Gelmini in pillole (amare). Per chi vuole, in 60 secondi, comprendere meglio la Riforma dell’Università. Quello che, forse, non vi è stato detto chiaramente di questa riforma: - Nei Consigli di Amministrazione delle Università ci saranno (nominati e non eletti) membri esterni (privati, politici nazionali o regionali). Le Università diventeranno ufficio di collocamento per i partiti? - La riforma non prevede risorse economiche per l’Università ma solo pesanti tagli. Il miliardo di euro (promesso) è a compensazione dei due miliardi di tagli (certi). Tagli spaventosi anche sulle borse di studio. Che lo scopo di questa riforma sia solo tagliare? - Nelle commissioni per assumere nuovi docenti ci saranno solo professori ordinari. Oggi, in quelle stesse commissioni, ci sono anche professori associati e ricercatori. Perché si vogliono escludere “i giovani” quando il Ministro sostiene che questa riforma combatte contro i “vecchi baroni”? - I nuovi ricercatori ( età media 30 anni) avranno un contratto a tempo determinato di massimo 6 anni. A 36 anni , solo se la loro sede avrà soldi, potranno essere assunti a tempo indeterminato, in caso contrario verranno rimandati a casa. Con i tagli attuati, la loro assunzione sarà quindi un miraggio: non sarebbe più onesto dire che a 36 anni i più saranno licenziati? Perché si vuole approvare in pochi giorni e a scatola chiusa una riforma così delicata? Non avrebbe più senso discutere, con le parti coinvolte, i punti più importanti? Aveva ragione una mia professoressa che diceva: "Io non capisco perché per i nostri figli siamo disposti a spender soldi senza pensarci su due volte ma per la loro cultura non sia così."

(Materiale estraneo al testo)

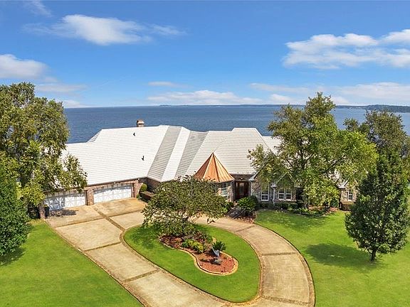 Luxury Lake Living at its Finest! This property listed is arguably one of the most desired properties on Toledo Bend Lake. This exquisite custom home sits on 2.646 acres (not including the SRA leaseback) that is designed so that you have 3 sides of waterfrontage creating incredible panoramic views. The home itself has 7,756sf under roof, with 4,966sf heated and cooled. The 4 BR, 3.5 bath, 4 car garage home has been masterfully crafted to include 2x6 exterior walls, foam insulation throughout, high multi-tray ceilings which include beautifully crafted wood and metal inlays. The floors are cypress wood, travertine, and tile, with elaborate moldings in every room. Real stone on interior walls, breakfast bar facings, and all 3 fireplaces truly adds to the lake house feel. Almost every room in the house has a view of the lake, which includes both sunrises and sunsets depending on the room. The boat house spans 1,656sf with 2 lifts and a tackle storage room. All this and so much more.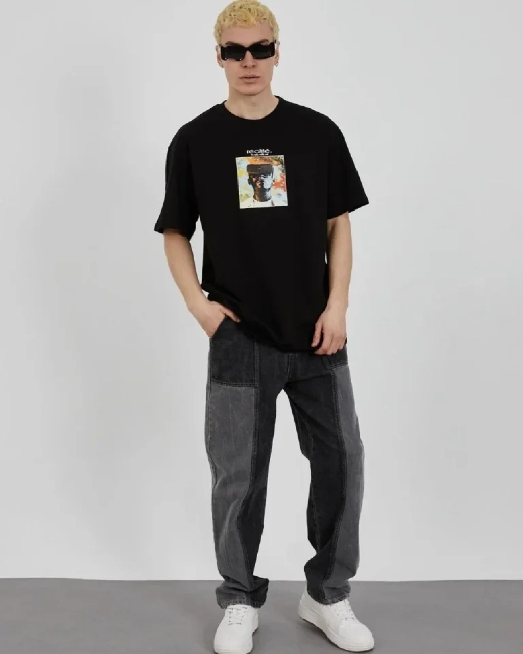 Unisex Bisiklet Yaka Baskılı Oversize T-Shirt - Siyah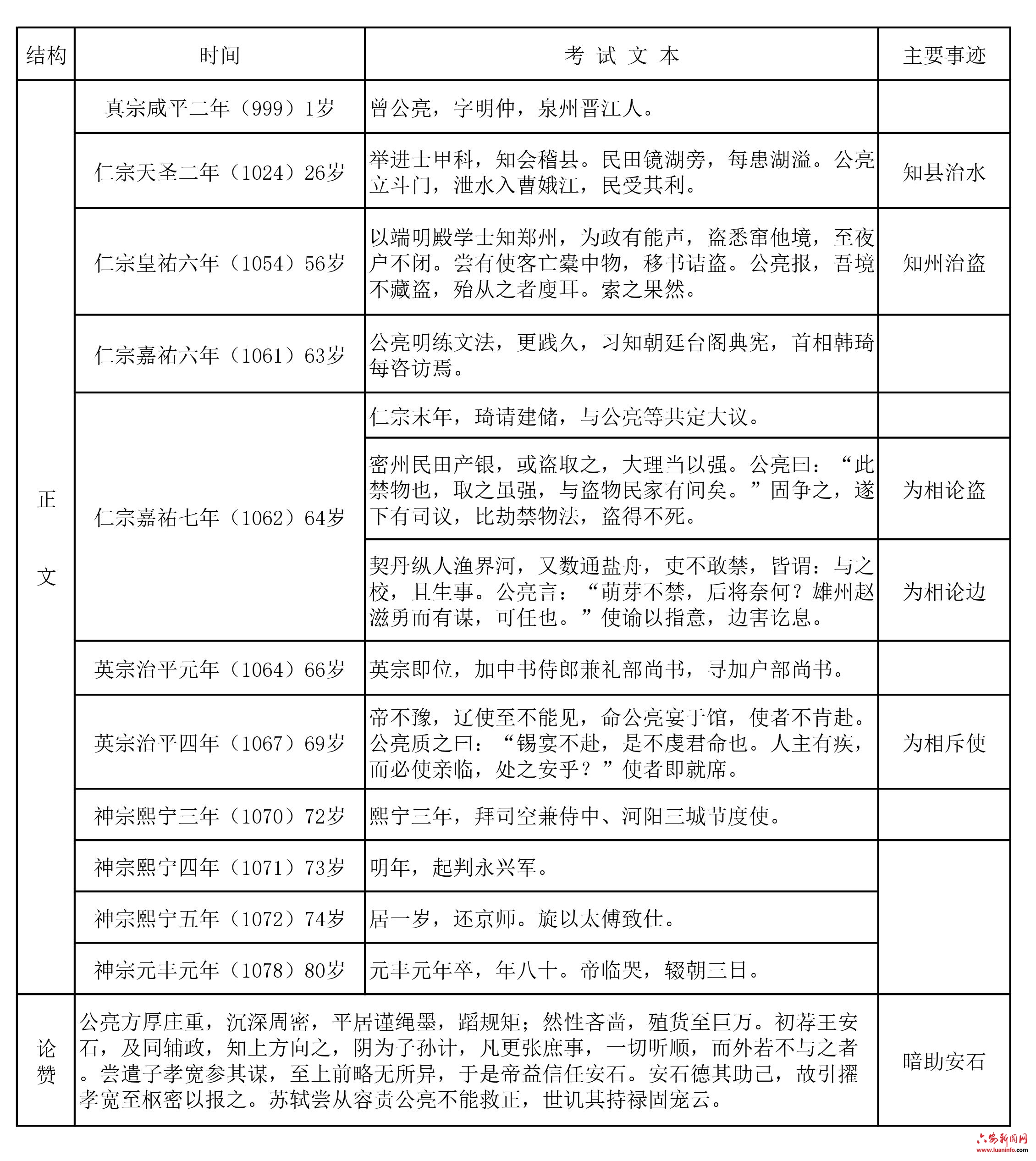 《曾公亮传》选自《宋史》,原文约1100字,试卷中删定为不足600字。文章保留了正史的传记体例,有正文和论赞两部分。以文章结构和传主年龄为纲目,文章可重排段落为: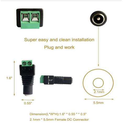 Cặp đầu cắm và lỗ cắm 2.1mm x 5.5mm chất lượng cao dành cho CCTV CameraChi tiết sản phẩm: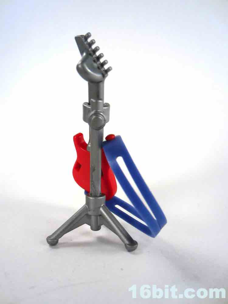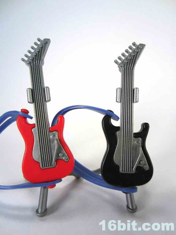 The two-piece guitars are sturdy and assemble in seconds. They fit in the stands nicely, or the figures can hold them with a semi-hidden grip on the flip side.

inviato da Fabio il 29/11/2010 alle 21:50

ridicoli, ma utili per capire la stupidità umana. tutelano il posto dei loro professori e compromettono il loro futuro . Vi consiglio di imparare anche a pulire le scale , vi tornerà utile.

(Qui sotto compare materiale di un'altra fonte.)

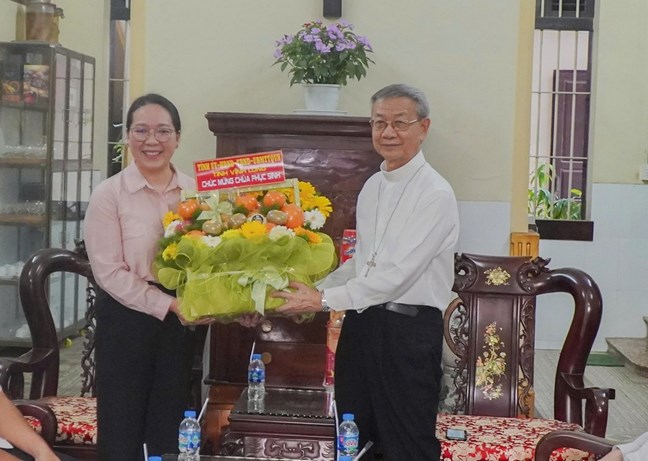 Đoàn đến chúc mừng Lễ Phục sinh tại Tòa Giám mục Giáo phận Vĩnh Long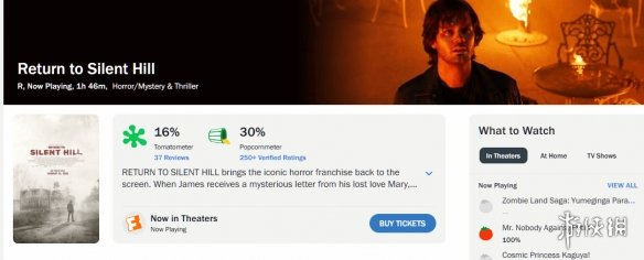 改编自经典恐怖游戏《寂静岭2》的真人电影《重返寂静岭》已于1月23日正式上映。目前,该片在知名影评网站烂番茄上的观众评分(爆米花指数)仅为30%,媒体评分(新鲜度)则由最初的7%小幅上升至16%。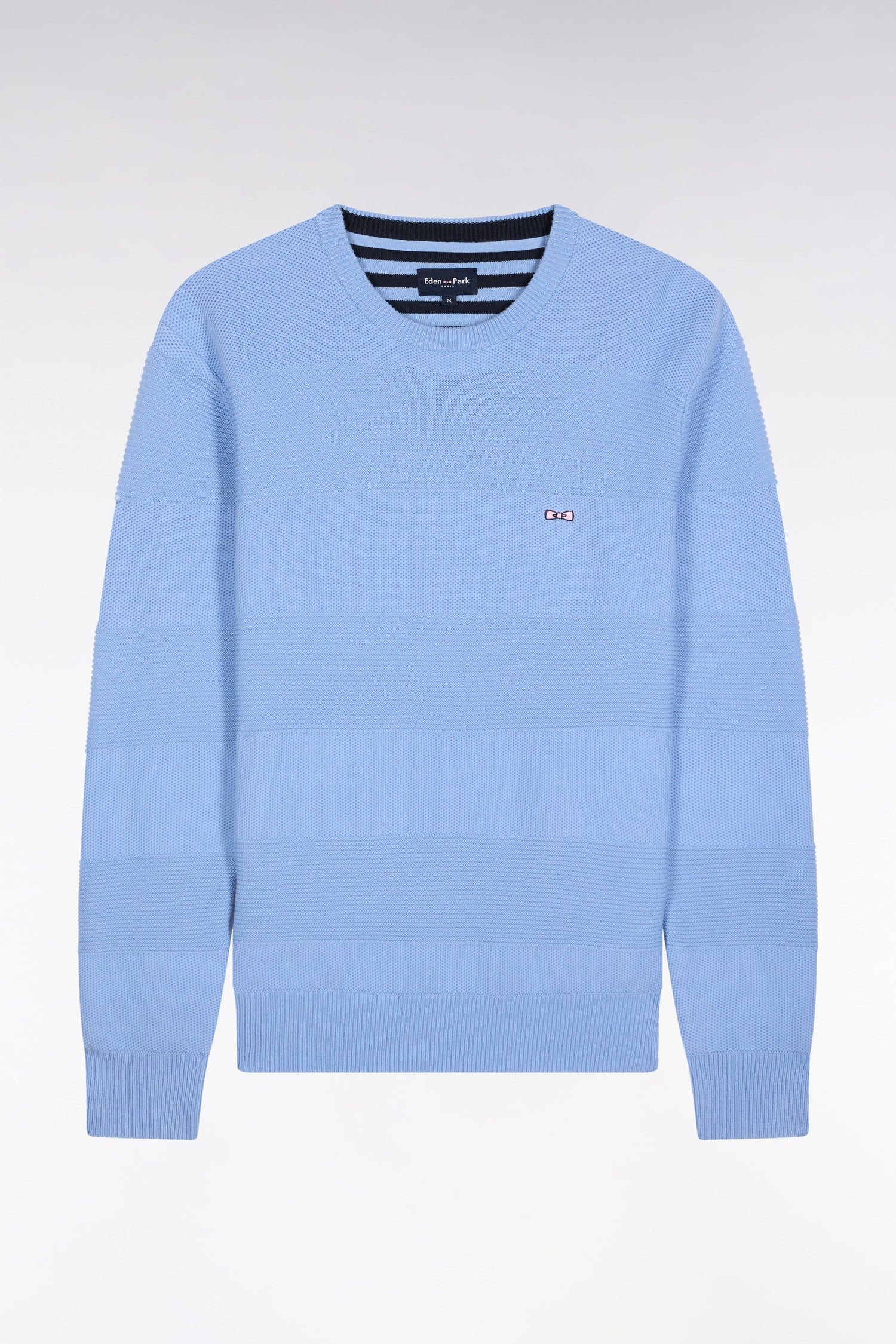 With its alternating ribbed stitch and honeycomb knit, this men's round-neck sweater in pure cotton revisits rugby stripes in a subtly textured version that pays tribute to the expertise of the company's workshops. The straight cut, bow-tie embroidery and meticulous finishing touches, such as the striped half-moon, make it an Eden Park wardrobe essential: a chic, timeless synthesis of our sporting heritage and our French Flair sense of masculine elegance. This model is available in 4 colors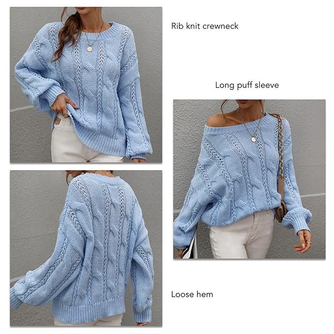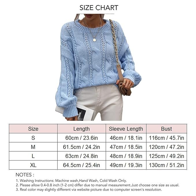 Crewneck Pullover Sweater, Long Sleeve Sweater Cable Knit Pure Color for Dating (S) BlueCrewneck Pullover Sweater, Long Sleeve Sweater Cable Knit Pure Color for Dating (S) Blue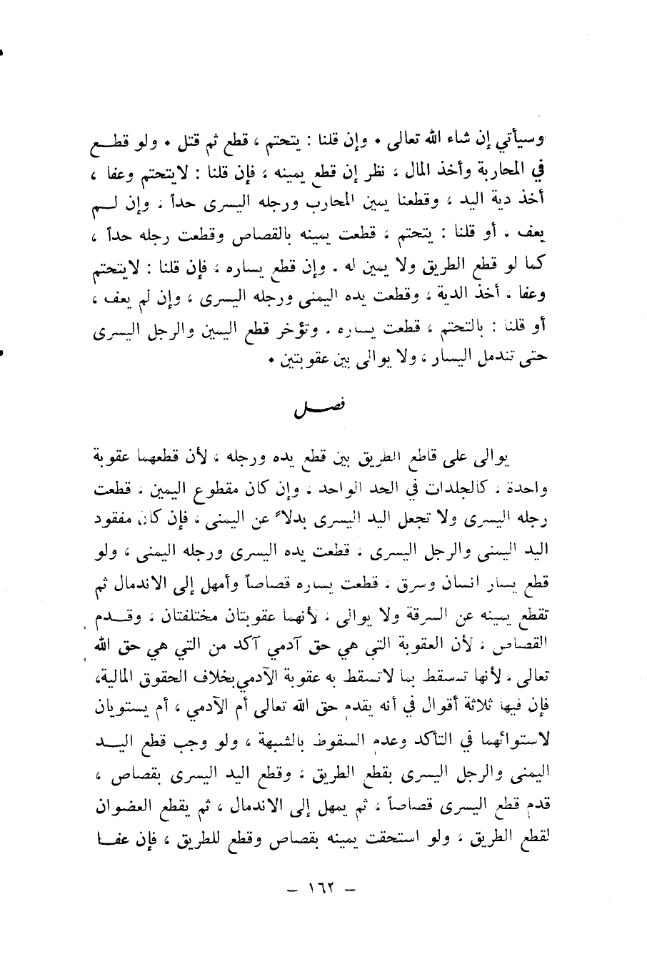 يُوَالَى عَلَى قَاطِعِ الطَّرِيقِ بَيْنَ قَطْعِ يَدِهِ وَرَجْلِهِ؛ لِأَنَّ قَطْعَهُمَا عُقُوبَةٌ وَاحِدَةٌ، كَالْجَلَدَاتِ فِي الْحَدِّ الْوَاحِدِ، وَإِنْ كَانَ مَقْطُوعَ الْيَمِينِ، قُطِعَتْ رِجْلُهُ الْيُسْرَى وَلَا تُجْعَلْ الْيَدُ الْيُسْرَى بَدَلًا عَنِ الْيُمْنَى، فَإِنْ كَانَ مَفْقُودَ الْيَدِ الْيُمْنَى وَالرِّجْلِ الْيُسْرَى، قُطِعَتْ يَدُهُ الْيُسْرَى وَرِجْلُهُ الْيُمْنَى، وَلَوْ قَطَعَ يَسَارَ إِنْسَانٍ وَسَرَقَ، قُطِعَتْ يَسَارُهُ قِصَاصًا وَأُمْهِلَ إِلَى الِانْدِمَالِ ثُمَّ تُقْطَعُ يَمِينُهُ عَنِ السَّرِقَةِ وَلَا يُوَالَى؛ لِأَنَّهُمَا عُقُوبَتَانِ مُخْتَلِفَتَانِ، وَقُدِّمَ الْقِصَاصُ؛ لِأَنَّ الْعُقُوبَةَ الَّتِي هِيَ حَقُّ آدَمِيٍّ آكِدٌ مِنَ الَّتِي هِيَ حَقُّ اللَّهِ تَعَالَى؛ لِأَنَّهَا تُسْقَطُ بِمَا لَا تَسْقُطُ بِهِ عُقُوبَةُ الْآدَمِيِّ بِخِلَافِ الْحُقُوقِ الْمَالِيَّةِ، فَإِنَّ فِيهَا ثَلَاثَةَ أَقْوَالٍ فِي أَنَّهُ يُقَدِّمُ حَقَّ اللَّهِ تَعَالَى أَمِ الْآدَمِيِّ، أَمْ يَسْتَوِيَانِ لِاسْتِوَائِهِمَا فِي التَّأَكُّدِ وَعَدَمِ السُّقُوطِ بِالشُّبْهَةِ، وَلَوْ وَجَبَ قَطْعُ الْيَدِ الْيُمْنَى وَالرِّجْلِ الْيُسْرَى بِقَطْعِ الطَّرِيقِ، وَقَطْعُ الْيَدِ الْيُسْرَى بِقِصَاصٍ، قُدِّمَ قَطْعُ الْيُسْرَى قِصَاصًا، ثُمَّ يُمْهَلُ إِلَى الِانْدِمَالِ، ثُمَّ يُقْطَعُ الْعُضْوَانِ لِقَطْعِ الطَّرِيقِ، وَلَوِ اسْتَحَقَّتْ يَمِينُهُ بِقِصَاصٍ وَقَطْعٍ لِلطَّرِيقِ، فَإِنْ عَفَا

inviato da fedo il 29/11/2010 alle 19:18

per Andrea: la prima parte parrebbe interessante,è vero,ma ha un limite grossissimo,chi controlla,con che criteri verranno fatte le valutazioni,come aumenteranno assunzioni e stipendi se diminuiranno i fondi?qual'è la qualità garantita?il numero di laureati?di assunti?le ricerche effettuate e riconosciute?però i fondi per la ricerca caleranno...non so,sa più di propagando che di altro,per ora l'unica cosa reale sono i tagli. La mia paura è che le università dovranno sempre di più attingere a fondi privati e questo vorrà dire 1 che i privati finanzieranno solo quelle facoltà che gli porteranno un tornaconto con il rischio di veder quasi sparire le facoltà umanistiche 2 un aumento dei costi per gli studenti tale per cui potranno studiare solo quelli che se lo potranno permettere. un 'ultima cosa la riduzione delle facoltà,secondo lei,a chi recherà danno ,ai baroni?non saranno loro a sparire ma tanti posti di lavoro.(comunque mi complimento con lei per la volontà e capacità di discutere seriamente di un tema così importante,purtroppo è raro) per gli studenti che stanno protestando:siete magnifici,siete l'esempio lampante che i giovani hanno la volontà e la capacità di costruirsi un futuro diverso alla faccia di insulti e luoghi comuni
inviato da katiatorri il 29/11/2010 alle 18:24

Ci sono delle caste che non vanno toccate, università, giustizia, scuola, politici. Guai a parlare di ridurre il numero, toccargli stipendi o parlare di qualità e produttività nei fatti, o diminuire privilegi, cade qualsiasi governo.